[XeTeX] [OT] Free fonts for fontspec examples?
firmicus at ankabut.net
Wed Jul 14 12:16:02 CEST 2010
On 12/07/2010 19:38, Peter Baker wrote:
> On 07/12/2010 11:44 AM, Will Robertson wrote:
>>> If you typeset the word λόγου with and without 'hist' you will see
>>> a difference.
>> Thanks for the suggestion; unfortunately I think these fonts only have historical
>> ligatures (hlig) rather than historical alternates (hist).
> I've got an impression that it's fairly common for the hist feature to include just one
> entry: s --> longs. In my (ahem) new Eadui script font (at openfontlibrary.org) the hist
> feature medievalizes the style, turning it from
> old-fashioned-but-suitable-for-modern-text to nearly-a-manuscript-facsimile. Add in hlig
> and it becomes so authentic it's nearly illegible.
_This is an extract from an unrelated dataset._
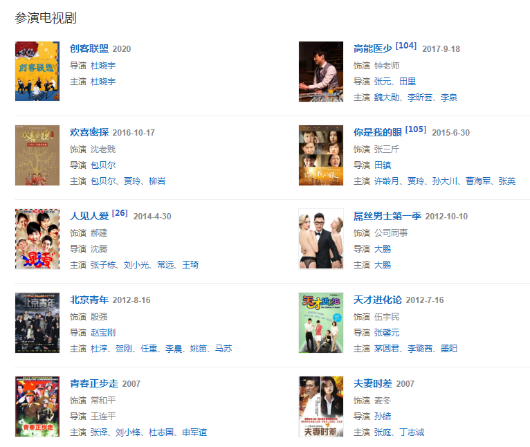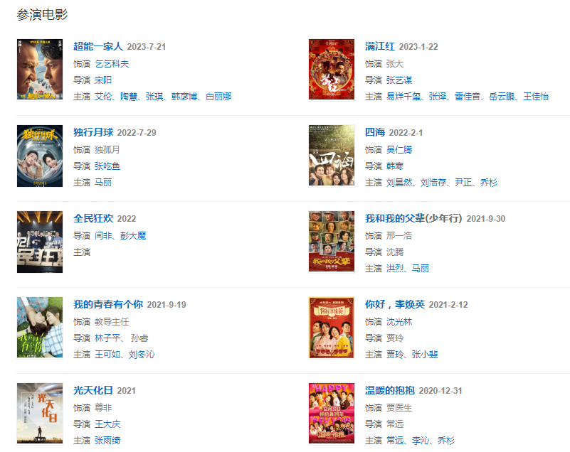 代表作品:今天的幸福、扶不扶、夏洛特?zé)馈⑽骱缡惺赘?、羞羞的鐵拳、你好,李煥英、瘋狂的外星人、飛馳人生、四海、全民狂歡

In 19th-century Rome, a prince and mathematician named Baldassare Boncompagni ran his
own publishing house and scholarly journal on history of mathematics and physics, the
“Bullettino di bibliografia e di storia delle scienze mathematiche e fisiche”. Boncompagni
was the editor of the works of Leonardo Pisano (Fibonacci) and was utterly obsessed with
diplomatic (i.e. paleographic) accuracy. He employed a network of assistants throughout
Europe who sent him expertly drawn facsimiles of historical documents (I have seen some
spectacular ones in archives). He also attempted to reproduce sources in his journal as
authentically as possible, and therefore his printing press eventually had an formidable
collection of cast types at its disposal, for dozens of scripts, and for countless
historical ligatures and abbreviations. In those days, printing
nearly-a-manuscript-facsimile made some sense, as photographic or even lithographic
reproductions were not yet possible. Yet later generations of scholars made fun of
Boncompani's meticulous diplomatic craze. They would be quite surprised to learn that in
the 21st century, people design digital fonts capable of doing exactly the kind of things
cherished by Boncompagni!
This [http://openfontlibrary.org/content/psb6m/177/sample.png] is indeed fascinating and,
I find, totally legible (so I assume it doesn't have 'hlig'?). Fortunately this is not a
reproduction of, say, a 15th-century German scholar's handwriting, which would be per
definitionem totally illegible :)
Still, I cannot refrain from asking: what is exactly the point of such fonts? Any edition
of an historical text should be first and foremost legible and intelligible to modern
readers, without distracting them. To accurately reproduce an original source, digital
color photos do a far better job, no?